And according to a study conducted by Public Health Nutrition, 75 percent of the SRO residents sampled were considered food insecure and 52 percent met criteria for severe food insecurity.
This lack of resource access is a catch-22, Eric Klinenberg writes in Heat Wave: A Social Autopsy of Disaster in Chicago. The old and the ill are unable to live safely in SRO hotels, but the hotels are still necessary in how they’re the only alternative to homelessness. SROs remain a critical means of housing for lower-income individuals.
“Without these SROs, [residents] would be homeless,” Biloche said.
Camp remembers Foswyn Arms as quiet and amicable. He won’t miss the building — he found bed bugs while he was leaving — but he will miss the relationships he formed.
Foswyn Arms didn’t have the facilities for community building. Camp said he always wished for a space to play cards, sit down and talk. But despite the lack of community space, residents made do.
“Everyone had fun on their floor,” he said. “We would talk and have fun and watch football in each others’ rooms.”
He’s worried about the strict rules at his new residency, Wilson-Windsor Hotels. “They were like ‘no noise, no coming out with your shorts on.’ Who does that?”
As of November 7, eight residents remain in Foswyn Arms finalizing relocation plans, but most have been relocated to other SROs.
The uncertainty of rent costs after renovation left many residents struggling to find a place that fits their needs, whether that be location convenience or lack of attractive options. One of the SROs on the relocation list had “front doors boarded with plywood,” Camp said.
Camp isn’t concerned for himself. While the relocation was frustrating, he is still able to work, so the move wasn’t as difficult for him financially. He’s tired, but he loves his job as a hospice nurse. He knows it’s not the same for others.
“Other people don’t have that luxury,” he said, “there’s people there now who I’m not sure what they’re going to do.”
He does hope he won’t have to move again.
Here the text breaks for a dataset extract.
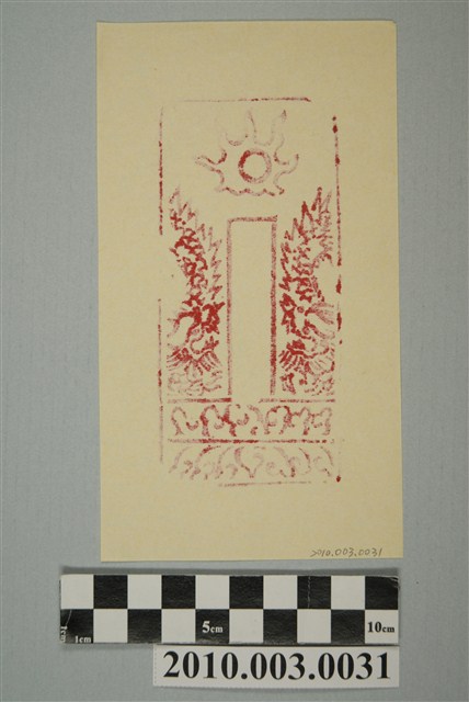 本件版印龍頭籤印記,以單一大紅色印製於米黃紙張之上。畫面以單線為外框,上方作一枚火珠,中央作一長條形方框,框內為書寫神祇名諱之處,兩側各一條降龍圖案,頭部相對矗拱方框,下端作寶相花造形之蓮花座。據入藏來源資料,本件木版來自宜蘭頭城茂惠紙店 (茂惠金香鋪)。

While relocation plans and $2,000 of assistance are commendable, remaining seats in this game of housing musical chairs are dwindling.
The 2014 SRO preservation ordinance also requires ensuring buyers are committed to maintaining affordability. It includes an SRO Improvement and Stabilization Program that provides forgivable loans and rental subsidies so building owners can maintain units at affordable rents.
Despite these initiatives, the number of SRO buildings dropped from 77 in 2014 to 58, as of August 2019. The Uptown community lost almost half its SRO buildings between 2008 and 2018, as reported by the Chicago Tribune.
“SROs meet a lot of people’s needs,” said Isabelle Gallant, ONE Northside volunteer and DePaul student. “They fill the gap the the [Chicago Housing Authority] leaves and gentrification is expanding. If SROs are disappearing, there’s nothing to fill that gap and that’s scary.”
Hague agrees.
“Urban lives have become much more divided,” he said. “There are poor neighborhoods and then middle-class white neighborhoods. SROs are part of a housing market that has disappeared.”
According to housing experts and advocates, disappearance of SROs and safety net affordable housing contribute to this divide.
If these last-resort housing accomodations dissipate and this concerning game of SRO musical chairs ends up chairless, where will residents turn?
Editor’s Note: Since publishing, LaBunski told Block Club Chicago that he did not own Foswyn Arms, despite his name on Cook County Assessor’s office tax property documentation and several residents naming him as landlord. A clarifying paragraph has been added to the story to reflect this.
Additionally, 14 East originally published that The Ambers had an SRO license, based on information from Chicago’s data portal. It has now been updated to reflect current SRO data provided by Starr Campbell, former project manager of HUD Housing Preservation.